I would definitely not use the word tribalism merely for preferring one’s own race. White Americans for all of American history history preferred their fellow whites. That wasn’t tribalism. It was simply normal. Tribalism has to mean something more specific than the normal and universal preference for people like oneself.

All of this is dealt with in the chapter, “On the Meaning of Racism,” in The Path to National Suicide, which I recommend.

Tim W. writes:

Is it possible that the concept of “racism” arose in part because of the West’s ability to raise the living standards of non-whites that we encountered and subdued? Recall that it was a common practice in the ancient world to regard other peoples as barbarians. The Romans even felt that way about other whites, such as the Germans. Over the centuries, as European civilization spread out across the globe starting with the age of exploration, whites made greater contact with other races. They often found those races’ living standards to be far below those of Europe. African blacks and the natives of the New World, for example.

It was simply taken as a given by whites that these people were different. The idea that someone should be morally chastised for thinking them different never crossed anyone’s mind. It was obvious they were different by not only their physical appearance, but by many other things, including their dress, their customs, their religions, and, above all, their civilizational accomplishments.

But over time, many of those differences were mitigated. Missionaries converted the natives. The non-whites adopted European dress and customs. Laws imposed by Europeans prohibited polygamy or other customs regarded as backward. White men (such as slave owners) produced bi-racial offspring with non-white women. And, above all, the standard of living of these non-white groups soared well above what they would have been if they had been left to their own devices. As a result, many whites began to see these groups as not really different at all. If we just stop regarding them as different, and integrate them into our neighborhoods, schools, and social circles, any remaining gaps in performance and behavior will go away. Once that mode of thought developed, largely during the Progressive Era (when it was thought we could eliminate any social problem if we put our minds to it), it may have provided the spark that allowed the idea of “racism” to arise. As time has passed and integration has failed to close the gaps, the modern day “progressives” have redefined the word ever more broadly, including the claim that white society is institutionally racist and that whites are inherently racist.

Scott K. writes:

Appropriating the ideological and propagandistic terminology of blacks and white left-liberals is both futile and self-defeating. To use the word “racism” to define the anti-white hatred of Jeremiah Wright, James Cole, Farrakhan, Sharpton, Randall Robinson, ad infinitum, ad nauseam, simply reifies this odious neologism, the most pernicious word in the English language, and legitimizes the black and leftist indictment of American history and society. Accuse them of “racism” in a debate, for example, and Wright, Cole, Robinson, et al. will laugh in your face and argue that blacks can’t be “racists” because they have no power and that their hatred of whites is justified because of the legacy of slavery and “Jim Crow” and the current evils of “institutional racism,” “structural racism,” “systemic racism,” “unconscious racism,” “silent racism,” “invisible racism,” ad nauseam.
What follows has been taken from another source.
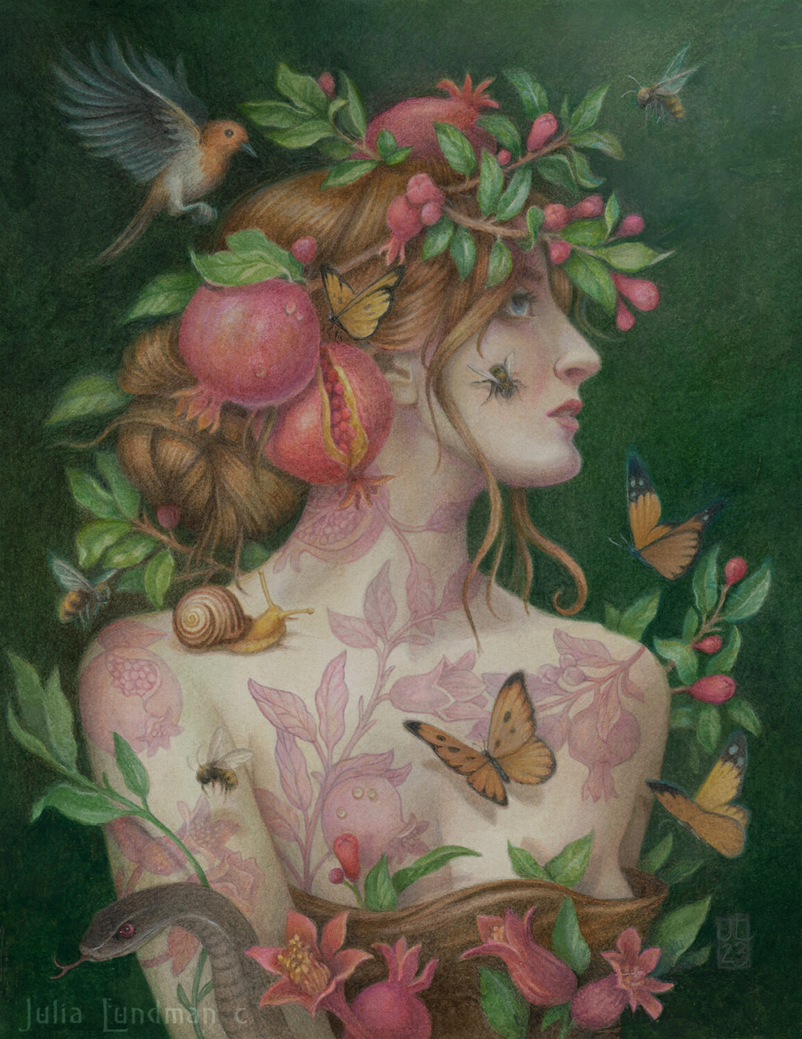The story of Persephone is one of trauma and adversity, as she was abducted and forced to live part of the year with Hades. Yet, she is also able to live free in the world at least part of the time, escaping her fate, creating growth and abundance out of her experience. I think the story of Persephone is a beautiful depiction of overcoming, or attempting to overcome terrible trauma, continuing to live with the scars and make a life meaningful.

Your foolish tactic will simply reify the fantasies of blacks and leftists while doing nothing to defeat or diminish their hatred of whites and America and Western Civilization.

Apart from “racism,” what words can be used to describe the anti-white hatred of Wright, Cole, Sharpton, Robinson, et al, and blacks generally. What about “anti-white hatred,” “anti-white bigotry,” “irrational anti-white hatred,” “genocidal anti-white hatred,” “virulent anti-white hatred,” “pathological anti-white hatred,” and so forth. Such words accurately describe an objective reality rather than reify an evil that doesn’t objectively exist -at least not in the sense that “racism” is used 99 percent of the time by blacks and white left-liberals.

LA replies:

I am not “appropriating the ideological and propagandistic terminology of blacks and white left-liberals.” Nor am I engaged in a “tactic,” whether foolish or otherwise, a word that implies I am trying to gain an advantage over people. I am defining and using a word that is needed in order to describe certain things accurately.

James P. writes:

In the post about shelving racism, there is reference to your (Auster’s) contention that there is a legitimate definition of racism. What is that definition?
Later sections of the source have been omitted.